Specifically, the NMAX compiler addresses NN throughput using several unique algorithms. Cheng Wang, Senior VP of Engineering at Flex Logix, indicated that there are features to provide an optimal assignment of layer nodes to the tiles, as well as overlapping of model reconfiguration steps. For example, while a layer is executing, the weights for the next sequence of nodes to be configured are pulled from L2 SRAM (or external DRAM) into L1 memory. Once the next logic reconfiguration is complete, the corresponding set of node weights are transferred to L0 inside the tile MAC to execute.
Geoff Tate, Flex Logix CEO, indicated that his discussions with Edge AI Summit participants showed great interest in larger NMAX configurations, able to contain multiple NN layers in the tile array, executing in a direct pipeline without the latency of reconfiguring the tile logic and weights for successive layers.

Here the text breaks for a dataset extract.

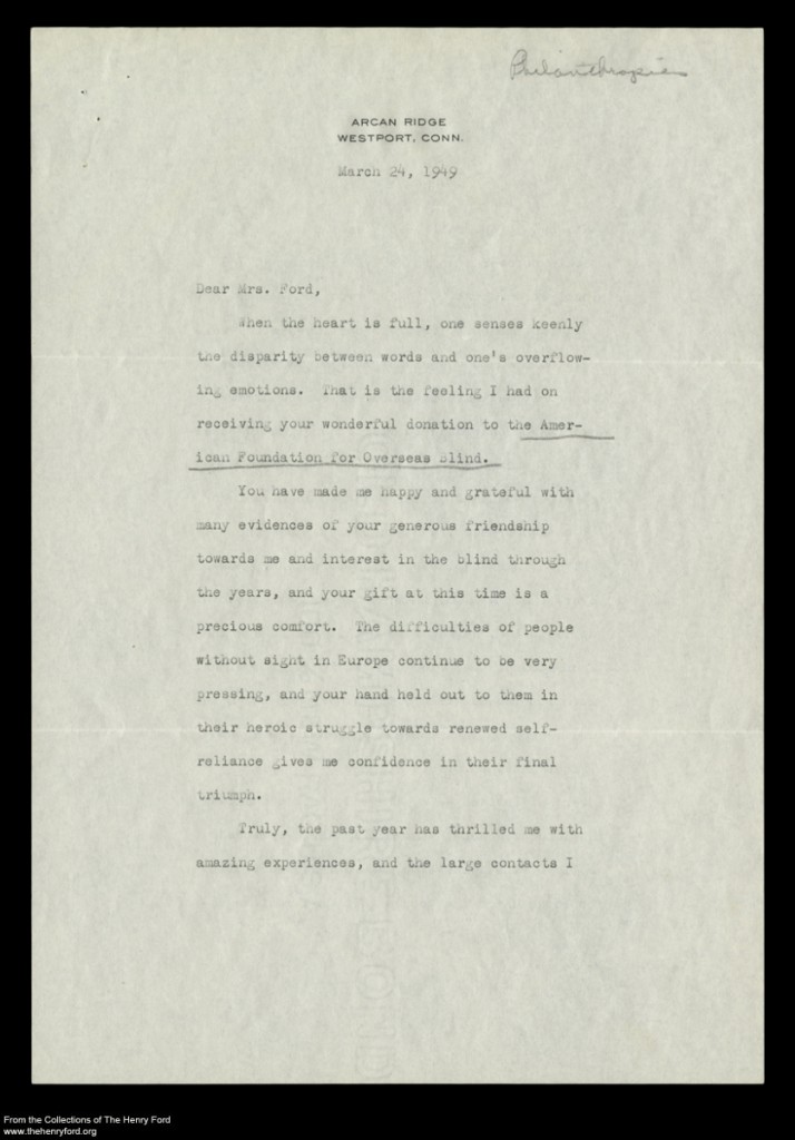 During a recent research project, I came across a letter from Helen Keller to Clara Ford, dated March 29, 1949, written two years after Henry's death. In the letter, Helen Keller (1880-1968) thanks Clara for her donation to the American Foundation for Overseas Blind. The Fords, Henry and Clara, as well as Edsel, had begun in the 1920s to donate to causes led by Helen Keller. Ford Motor Company's job training and placement for blind workers was one of the catalysts that began their association.

FPGA logic offers a unique hardware alternative for ML applications, with improved performance over software-centric architectures. For the transition to ML inference at the edge, embedded FPGA IP is an excellent fit, as long as the following characteristics are available:
- optimized for the high MAC demand
- integrated with a significant capacity of L2 SRAM
- wide connectivity to L2 and external DRAM to minimize latency to load new network input data and layer configuration information
- expandable to allow optimization of area, power, and computational throughput (especially the ability to represent multiple network layers without logic reconfiguration)
The NMAX architecture from the Flex Logix team strives to meet these requirements for edge AI applications (link).
Xin, Y., et al., “Machine Learning and Deep Learning Methods for Cybersecurity”, IEEE Access, Volume 6, p. 35365-35381, 2018.